= Exercise requirements =
Write out the opening lines of the data word for word, up to and including the line with "Quickstep Onestep Printable", and leave every picture and every later line out.

━━━━━ Input data ━━━━━

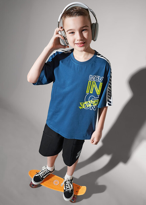 Футболка оверсайз из 100% хлопка в тёмно-синем цвете.Декоративная тесьма на плечах придаёт модели особый стиль, а принт на передней части добавляет индивидуальности. Идеально сочетается с шортами из новой коллекций-готовый образ для активных летних дней!
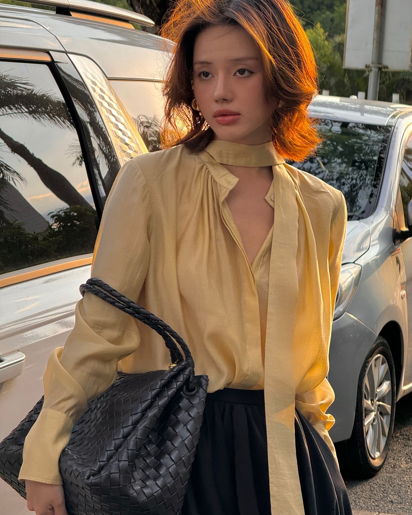 Fashionista Khánh Linh chính là hình mẫu hoàn hảo cho kiểu tóc này. Cô lựa chọn phong cách tóc ngắn xoăn nhẹ với màu nâu hạt dẻ, đây là tông màu vừa tôn da vừa tăng thêm độ sang chảnh cho tổng thể diện mạo. Nhờ cách tạo kiểu khéo léo, Khánh Linh trông không chỉ thời thượng mà còn mang vẻ đẹp quý phái, cuốn hút.
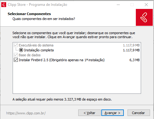 Caso for a primeira vez que estará instalando o sistema marque também a opção Instalar Firebird 2.5. Feito isso clique em Avançar.
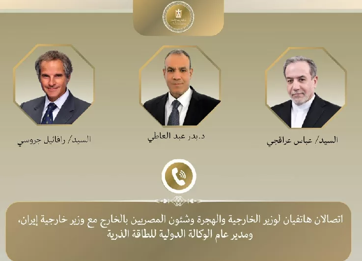 CAIRO – Minister of Foreign Affairs, Emigration, and Egyptian Expatriates Badr Abdelatty held separate phone calls with Iranian Foreign Minister Abbas Araghchi and Director General of the International Atomic Energy Agency (IAEA) Rafael Grossi.
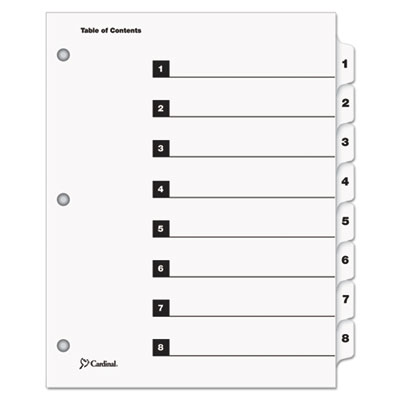 Quickstep Onestep Printable Table Of Contents And Dividers, 8-Tab, 1 To 8, 11 X 8.5, White, 24 Sets
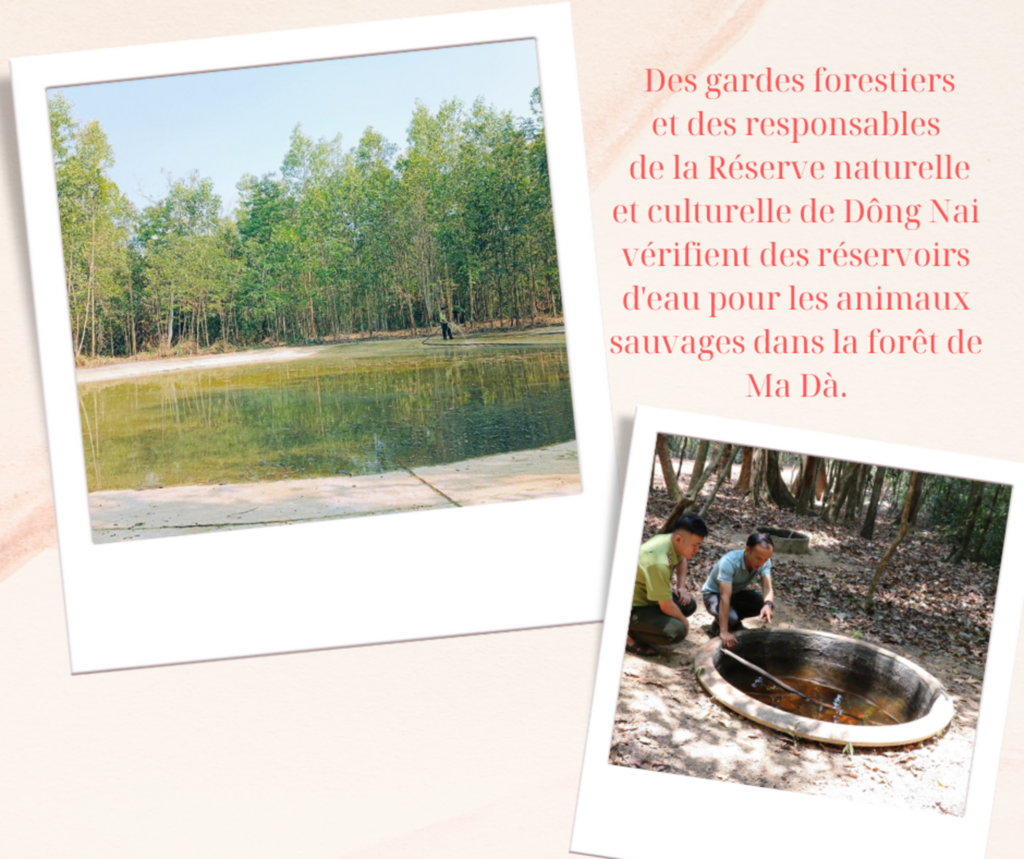 Toutes les deux semaines, les gardes forestiers et le personnel de la Réserve naturelle et culturelle de Dông Nai se rendent dans la forêt pour aider les animaux sauvages à faire face à la grave sécheresse en leur apportant de l’eau.
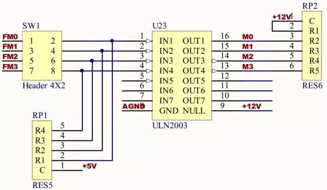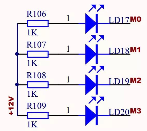 電機(jī)部分指示燈用于指示各路信號(hào)的邏輯電平狀態(tài),其中R106~109為限流電阻,防止發(fā)光二極管因電流過大燒毀。值得注意的是:該指示燈的發(fā)光二極管接成共陽極,由M0~3信號(hào)端口產(chǎn)生低電平點(diǎn)亮對(duì)應(yīng)的二極管,而ULN2003的OUT與IN邏輯電平相反,因此對(duì)于I/O口FM0~3來說,輸出高電平就能點(diǎn)亮對(duì)應(yīng)的發(fā)光二極管,例如:FM0輸出高電平,則對(duì)應(yīng)LD17點(diǎn)亮,編程時(shí)應(yīng)注意此電路將I/O實(shí)際邏輯反相了兩次,對(duì)應(yīng)關(guān)系為I/O口輸出哪路高電平則對(duì)應(yīng)點(diǎn)亮哪路指示燈。

━━━━━

= Output for this task =
 Футболка оверсайз из 100% хлопка в тёмно-синем цвете.Декоративная тесьма на плечах придаёт модели особый стиль, а принт на передней части добавляет индивидуальности. Идеально сочетается с шортами из новой коллекций-готовый образ для активных летних дней!
 Fashionista Khánh Linh chính là hình mẫu hoàn hảo cho kiểu tóc này. Cô lựa chọn phong cách tóc ngắn xoăn nhẹ với màu nâu hạt dẻ, đây là tông màu vừa tôn da vừa tăng thêm độ sang chảnh cho tổng thể diện mạo. Nhờ cách tạo kiểu khéo léo, Khánh Linh trông không chỉ thời thượng mà còn mang vẻ đẹp quý phái, cuốn hút.
 Caso for a primeira vez que estará instalando o sistema marque também a opção Instalar Firebird 2.5. Feito isso clique em Avançar.
 CAIRO – Minister of Foreign Affairs, Emigration, and Egyptian Expatriates Badr Abdelatty held separate phone calls with Iranian Foreign Minister Abbas Araghchi and Director General of the International Atomic Energy Agency (IAEA) Rafael Grossi.
 Quickstep Onestep Printable Table Of Contents And Dividers, 8-Tab, 1 To 8, 11 X 8.5, White, 24 Sets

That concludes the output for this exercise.